چكيده به لاتين
According to the increasing amount of music pieces, in recent years, many researches have been conducted in the field of Music Information Retrieval. One of most known methods in this field is based on audio fingerprints. Audio fingerprints are content-based features for representation of a music piece in order to describe that piece for a music identification system. Philips method is one of the basic methods for identifying music. In Philips method, audio signal is divided into overlapping frames and each frame is divided into 33 sub-band frequencies using a filter bank. 32 bit fingerprint is generated using energy of theses frequency bands. One drawback of Philips basic method is its weakness for music identification in noisy conditions.

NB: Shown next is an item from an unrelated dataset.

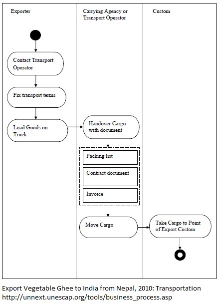 1. The exporter contacts a transport company and negotiates transport of the goods. 2. Following this, the goods are loaded in truck or container and the relevant documents, including the packing list, contract document and commercial invoice are given to the transport operator.

In this thesis, two approaches are proposed to overcome this drawback. In the first approach, fingerprint bits are generated using 3 frequency bands. Furthermore, a power mask is used. A power mask is a weight matrix for the fingerprint bits which weight bits based on probability of their contamination with noise such that clean bits have more effects on identifying music pieces. In second proposed approach, wavelet transform is used for extracting features in time-frequency domain. In this way, it is possible to analyze the signal at different level of details.
The experiments are performed on 250 audio tracks with length of 15 seconds selected from GTZAN dataset. Results show that for identifying music pieces in noisy conditions, the average of accuracy increases from 86.06 to 96.06 for the first approach where identification speed has not increased. On the other hand, average of accuracy in the second approach increase from 86.06 to 99.6 with more computational cost.